#### [PROBLEM STATEMENT]
Make an exact copy of all the data, pictures excluded.

#### [INPUT]
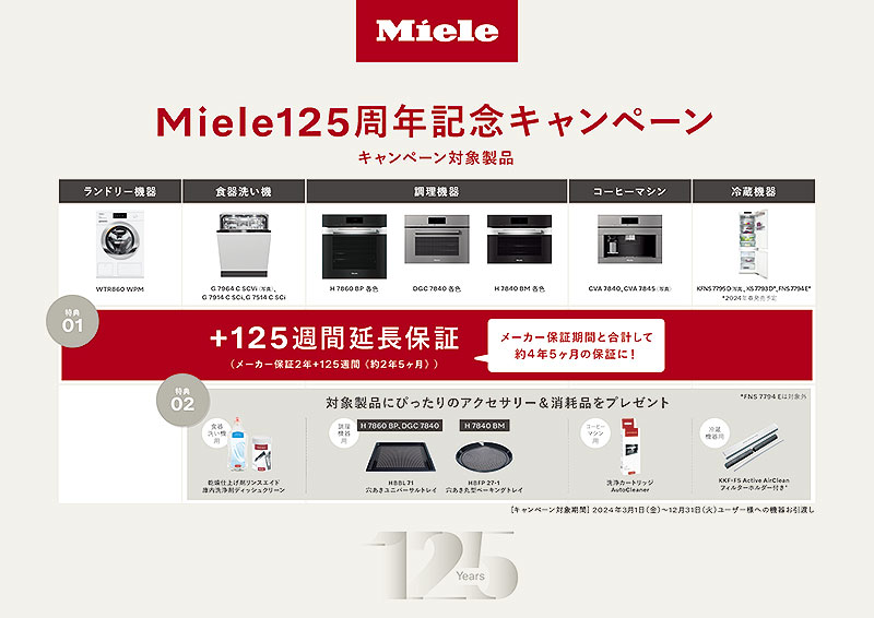 今回の「Miele125 周年記念キャンペーン 125 years of quality.」では、「2 年+125 週間」の合計約 4 年 5 か月の期間に渡って保証するというから、詳細は公式サイトをチェック↓↓↓
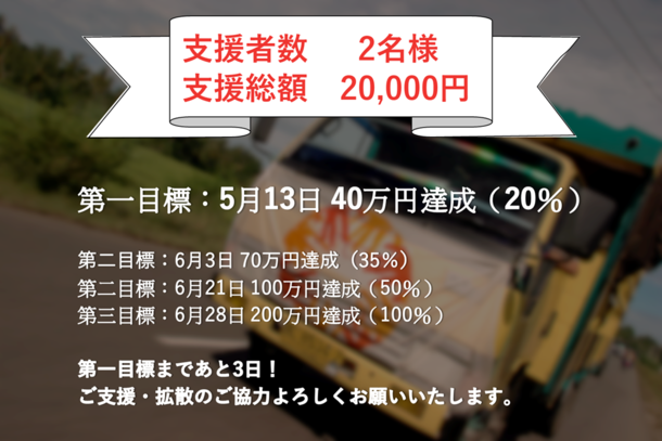 プロジェクトを無事に成功させるためにも、第1ゴールである20%の達成へのご支援・ご協力よろしくお願いいたします!
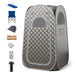 Color: Black/Coffee/Gray Material: Stainless Steel, Waterproof Fabric, ABS, Oxford Cloth, Metal Dimensions of Sauna Tent: 87 x 87 x 147 cm (L x W x H) Size of Foldable Chair: 45 x 44 x 69 cm (L x W x H) Height of Seat: 38 cm Load Capacity of Chair: 90 kg Size of Steam Generator: 22 x 19.5 x 30.5 cm (L x W x H) Capacity of Steam Generator: 3L Size of Wooden Foot Massager: 27 x 12 cm (L x W) Size of Sweating-Absorbing Mat: 83 x 76 cm (L x W) Length of Each Soft Hose: 35 cm, 46 cm Adjustable Temperature Range: 35-63℃ Adjustable Timer Range: 15-90 min Max Remote Control Distance: 10 m Net Weight: 7 kg Package Includes: 1 x Pop-Up Sauna Tent 1 x Steam Generator 1 x Remote Control 1 x Medicine Box 1 x Wooden Foot Massager 1 x Sweating-Absorbing Mat 1 x Foldable Sauna Chair 1 x Carrying Bag 1 x User Guide
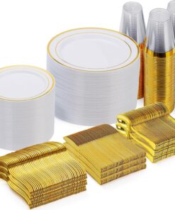 Gold Disposable Plates for 100 Guests, Plastic Plates for Party
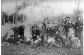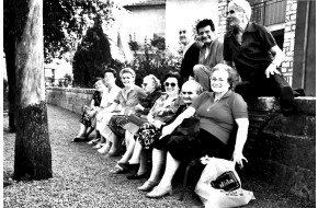 Gruppo di abitanti del piccolo borgo collegato alla Villa padronale. Partendo da sinistra,...
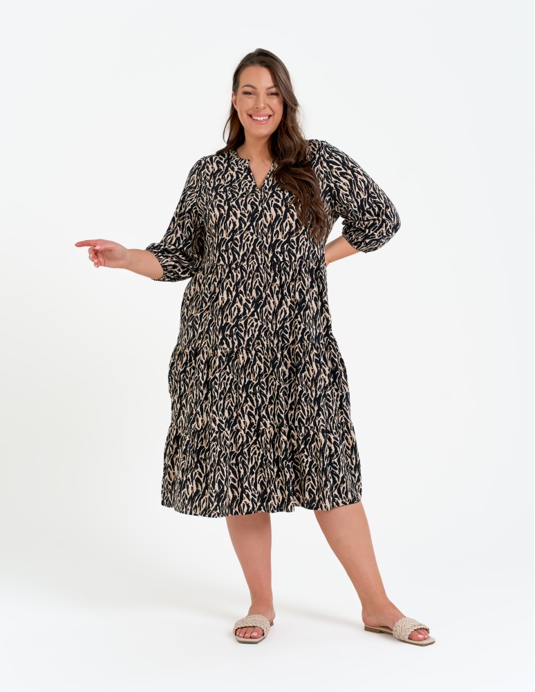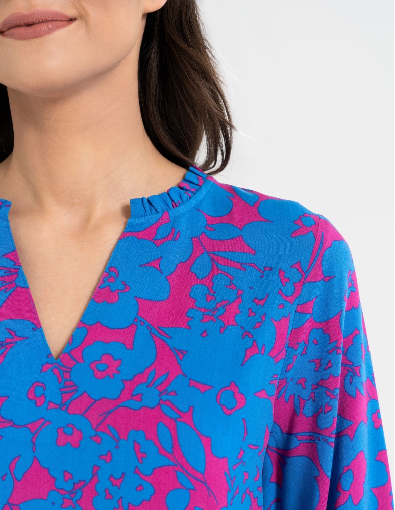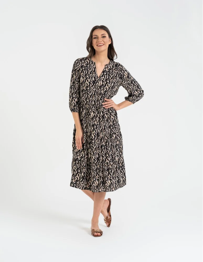 Sukienka ma luźny krój typu boxy, który zapewnia swobodę ruchów i komfort noszenia przez cały dzień. Delikatnie rozkloszowany dół oraz subtelne marszczenia nadają sylwetce lekkości, a jednocześnie nie opinają figury. To fason, który pięknie układa się w ruchu i pasuje do wielu typów sylwetek.
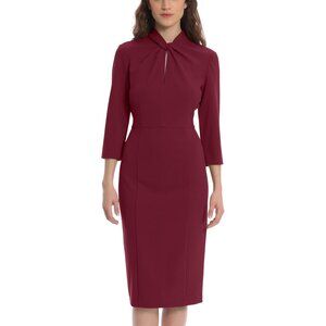 Donna Morgan Women's Stretch Crepe 3/4 Sleeve Twisted Neckline Sheath Dress
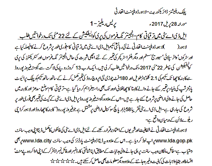 Development Projects of LDA.
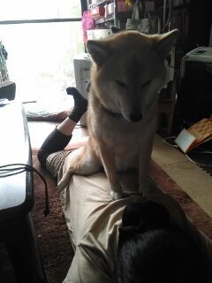 うちは、朝起きたら、私のお腹の上で、意味もなく仁王立ちで立っているということが何度かあります。もちろん、あの柴犬です。
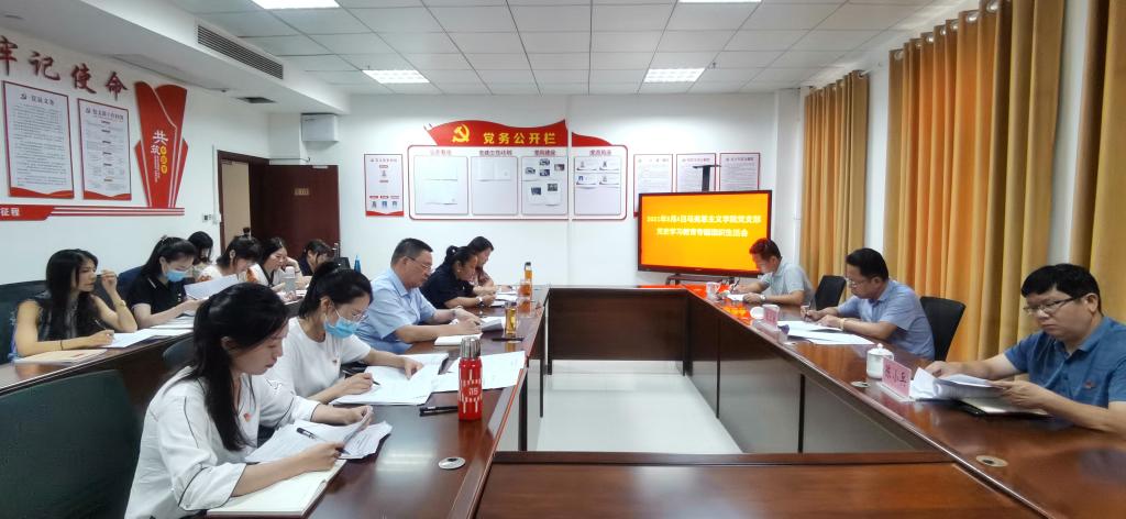會(huì)上,馬克思主義學(xué)院黨支部書記宋華報(bào)告了2021年上半年黨支部工作開展情況,通報(bào)了馬克思主義學(xué)院黨支部檢視問題情況。隨后,黨支部全體黨員圍繞“學(xué)習(xí)習(xí)近平總書記在慶祝中國共產(chǎn)黨成立100周年大會(huì)上的重要講話精神;學(xué)習(xí)習(xí)近平新時(shí)代中國特色社會(huì)主義思想和黨中央指定學(xué)習(xí)材料情況;對(duì)照黨史學(xué)習(xí)教育目標(biāo)要求,自身在堅(jiān)定理想信念、增強(qiáng)歷史自覺、弘揚(yáng)優(yōu)良傳統(tǒng)、加強(qiáng)黨性錘煉等方面存在哪些差距和不足;黨員先鋒模范作用發(fā)揮、立足崗位履職盡責(zé)、為身邊群眾做實(shí)事好事情況,下一步整改措施”等方面逐一發(fā)言,談體會(huì)感悟,找差距不足,開展批評(píng)與自我批評(píng),深刻剖析原因,闡明整改措施。
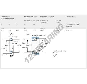 El Rodamiento Cónico, conocido como 31319-J2-SKF SKF, tiene un diámetro interior de 95 mm, un diámetro exterior de 200 mm y un espesor de 49.5 mm.
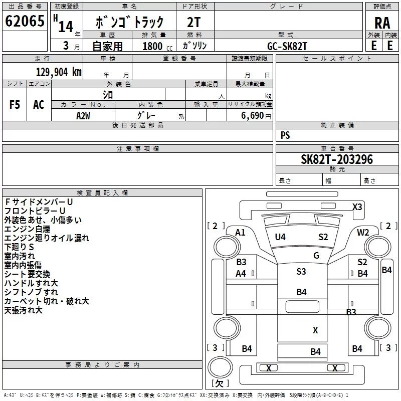 Mazda BONGO с аукциона Японии TAA Kyushu лот № 62065
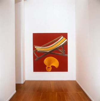 Dans la peinture de Georges Eliades, même si les objets se côtoient sur la même surface ils ne semblent pourtant pas être issus du même espace physique; la vision est fragmentée, l’objet se veut autonome et parfois même sans rapport d’échelle, appuyant ainsi cette vision tautologique où seule la forme serait vraie. Les objets apparaissent parfois tronqués, hors du cadre ou inversement frôlant les marges de la peinture, nous suggérant que la réalité et le sujet se trouvent probablement ailleurs, dans un hors-champ à la limite de la représentation.
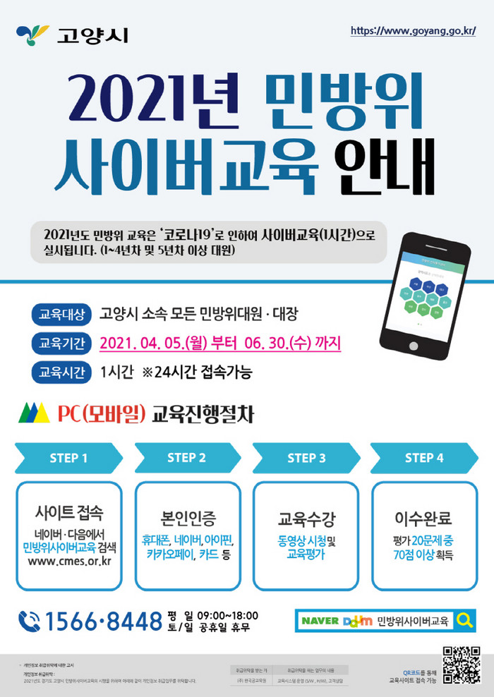 이번 사이버교육은 민방위대원 등 6만여 명을 대상으로 실시하며, 연차에 상관없이 1시간만 이수하면 된다.
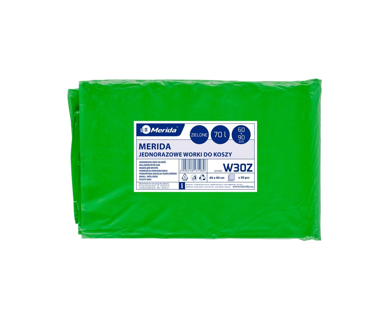 Worki na śmieci 70 lMERIDA CLASSIC, zielone, 60×90 cmpaczka 50 szt.
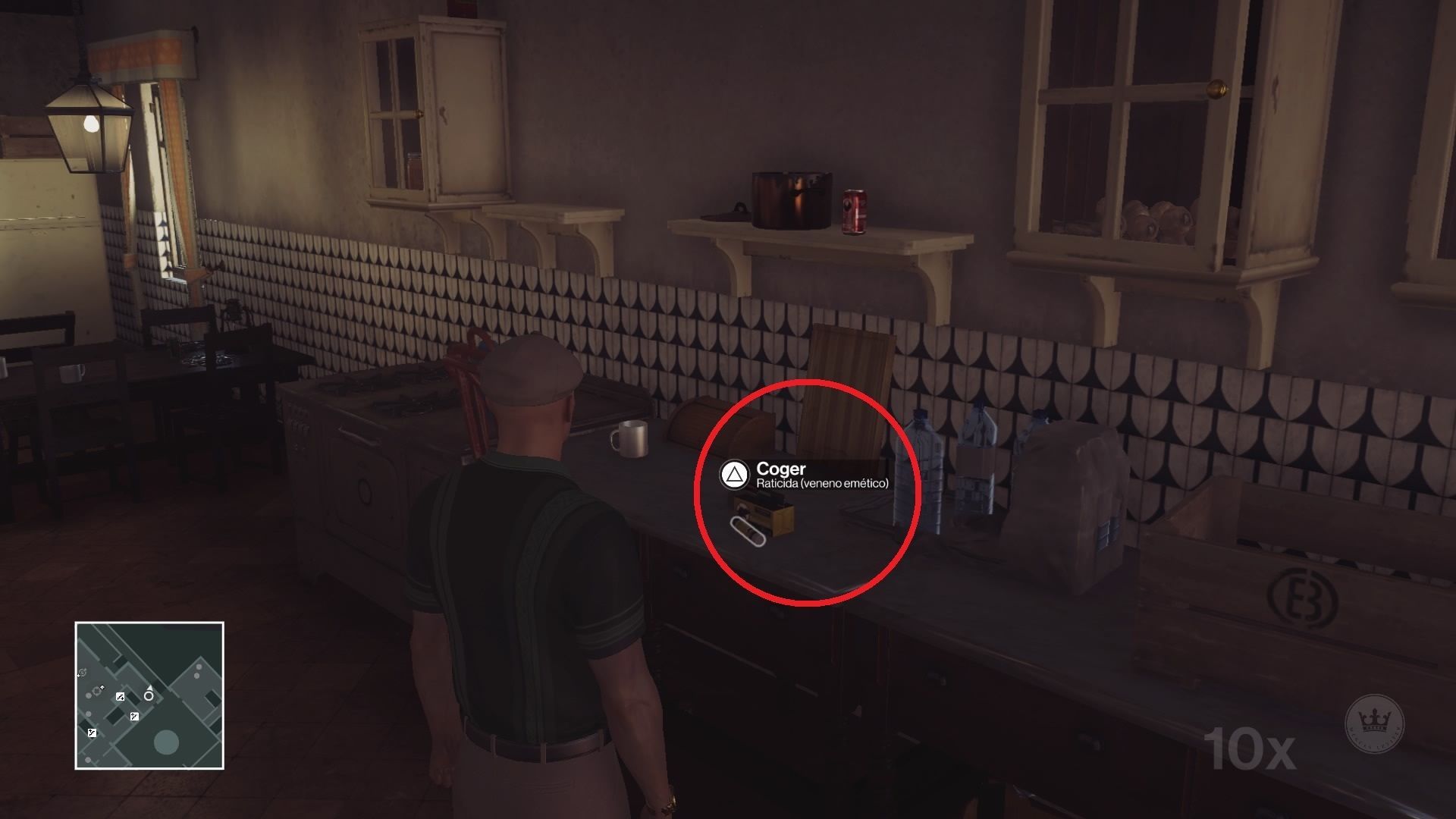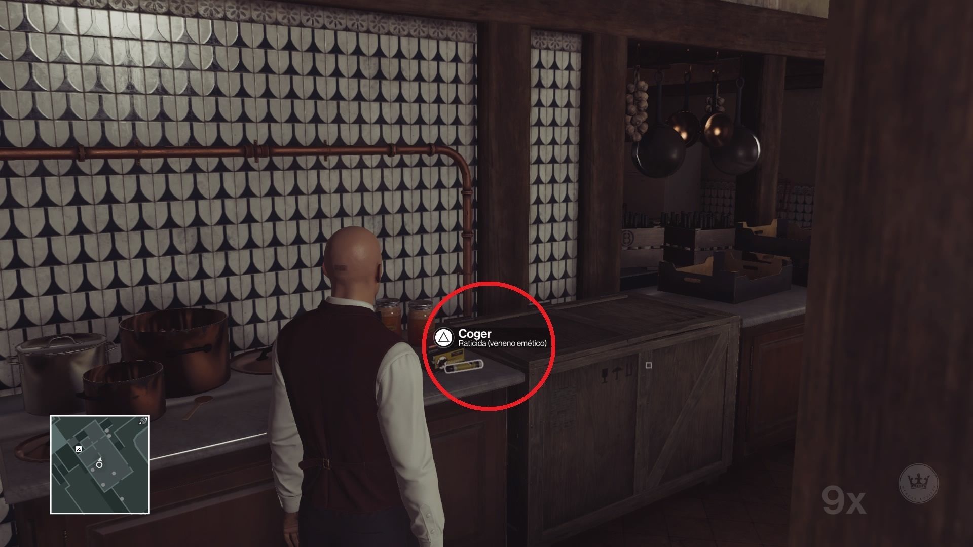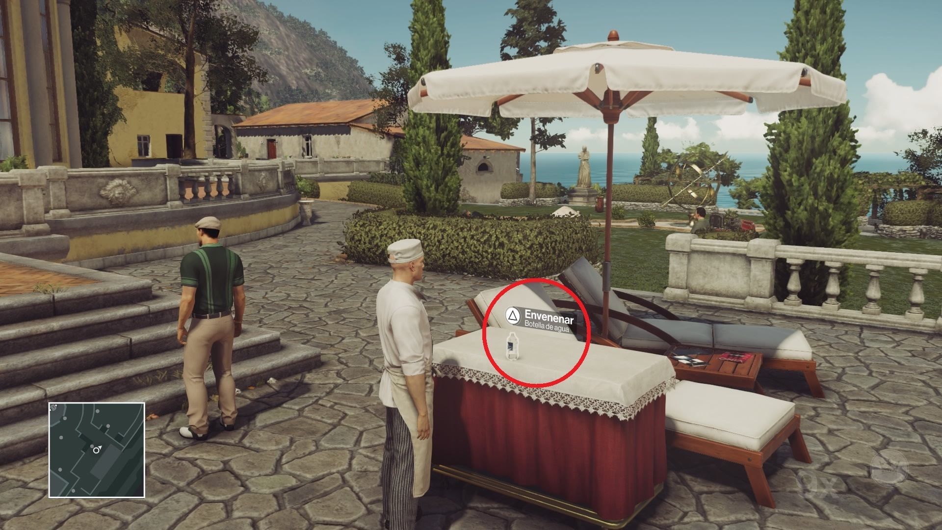Ve a la parte trasera de la cocina y activa la radio. El chef de la mansión se acercará a investigar. Aprovecha para atraerlo hasta la habitación contigua y acabar con él. Vístete con su ropa y dirígete al jardín de la mansión, al lado de la piscina. Verás una mesa junto a dos hamacas. Introduce el veneno en la botella de agua y espera a que el entrenador de golf se la tome.

#### [SOLUTION BELOW]
 今回の「Miele125 周年記念キャンペーン 125 years of quality.」では、「2 年+125 週間」の合計約 4 年 5 か月の期間に渡って保証するというから、詳細は公式サイトをチェック↓↓↓
 プロジェクトを無事に成功させるためにも、第1ゴールである20%の達成へのご支援・ご協力よろしくお願いいたします!
 Color: Black/Coffee/Gray Material: Stainless Steel, Waterproof Fabric, ABS, Oxford Cloth, Metal Dimensions of Sauna Tent: 87 x 87 x 147 cm (L x W x H) Size of Foldable Chair: 45 x 44 x 69 cm (L x W x H) Height of Seat: 38 cm Load Capacity of Chair: 90 kg Size of Steam Generator: 22 x 19.5 x 30.5 cm (L x W x H) Capacity of Steam Generator: 3L Size of Wooden Foot Massager: 27 x 12 cm (L x W) Size of Sweating-Absorbing Mat: 83 x 76 cm (L x W) Length of Each Soft Hose: 35 cm, 46 cm Adjustable Temperature Range: 35-63℃ Adjustable Timer Range: 15-90 min Max Remote Control Distance: 10 m Net Weight: 7 kg Package Includes: 1 x Pop-Up Sauna Tent 1 x Steam Generator 1 x Remote Control 1 x Medicine Box 1 x Wooden Foot Massager 1 x Sweating-Absorbing Mat 1 x Foldable Sauna Chair 1 x Carrying Bag 1 x User Guide
 Gold Disposable Plates for 100 Guests, Plastic Plates for Party
 Gruppo di abitanti del piccolo borgo collegato alla Villa padronale. Partendo da sinistra,...
 Sukienka ma luźny krój typu boxy, który zapewnia swobodę ruchów i komfort noszenia przez cały dzień. Delikatnie rozkloszowany dół oraz subtelne marszczenia nadają sylwetce lekkości, a jednocześnie nie opinają figury. To fason, który pięknie układa się w ruchu i pasuje do wielu typów sylwetek.
 Donna Morgan Women's Stretch Crepe 3/4 Sleeve Twisted Neckline Sheath Dress
 Development Projects of LDA.
 うちは、朝起きたら、私のお腹の上で、意味もなく仁王立ちで立っているということが何度かあります。もちろん、あの柴犬です。
會(huì)上,馬克思主義學(xué)院黨支部書記宋華報(bào)告了2021年上半年黨支部工作開展情況,通報(bào)了馬克思主義學(xué)院黨支部檢視問題情況。隨后,黨支部全體黨員圍繞“學(xué)習(xí)習(xí)近平總書記在慶祝中國共產(chǎn)黨成立100周年大會(huì)上的重要講話精神;學(xué)習(xí)習(xí)近平新時(shí)代中國特色社會(huì)主義思想和黨中央指定學(xué)習(xí)材料情況;對(duì)照黨史學(xué)習(xí)教育目標(biāo)要求,自身在堅(jiān)定理想信念、增強(qiáng)歷史自覺、弘揚(yáng)優(yōu)良傳統(tǒng)、加強(qiáng)黨性錘煉等方面存在哪些差距和不足;黨員先鋒模范作用發(fā)揮、立足崗位履職盡責(zé)、為身邊群眾做實(shí)事好事情況,下一步整改措施”等方面逐一發(fā)言,談體會(huì)感悟,找差距不足,開展批評(píng)與自我批評(píng),深刻剖析原因,闡明整改措施。
 El Rodamiento Cónico, conocido como 31319-J2-SKF SKF, tiene un diámetro interior de 95 mm, un diámetro exterior de 200 mm y un espesor de 49.5 mm.
 Mazda BONGO с аукциона Японии TAA Kyushu лот № 62065
 Dans la peinture de Georges Eliades, même si les objets se côtoient sur la même surface ils ne semblent pourtant pas être issus du même espace physique; la vision est fragmentée, l’objet se veut autonome et parfois même sans rapport d’échelle, appuyant ainsi cette vision tautologique où seule la forme serait vraie. Les objets apparaissent parfois tronqués, hors du cadre ou inversement frôlant les marges de la peinture, nous suggérant que la réalité et le sujet se trouvent probablement ailleurs, dans un hors-champ à la limite de la représentation.
 이번 사이버교육은 민방위대원 등 6만여 명을 대상으로 실시하며, 연차에 상관없이 1시간만 이수하면 된다.
 Worki na śmieci 70 lMERIDA CLASSIC, zielone, 60×90 cmpaczka 50 szt.
Ve a la parte trasera de la cocina y activa la radio. El chef de la mansión se acercará a investigar. Aprovecha para atraerlo hasta la habitación contigua y acabar con él. Vístete con su ropa y dirígete al jardín de la mansión, al lado de la piscina. Verás una mesa junto a dos hamacas. Introduce el veneno en la botella de agua y espera a que el entrenador de golf se la tome.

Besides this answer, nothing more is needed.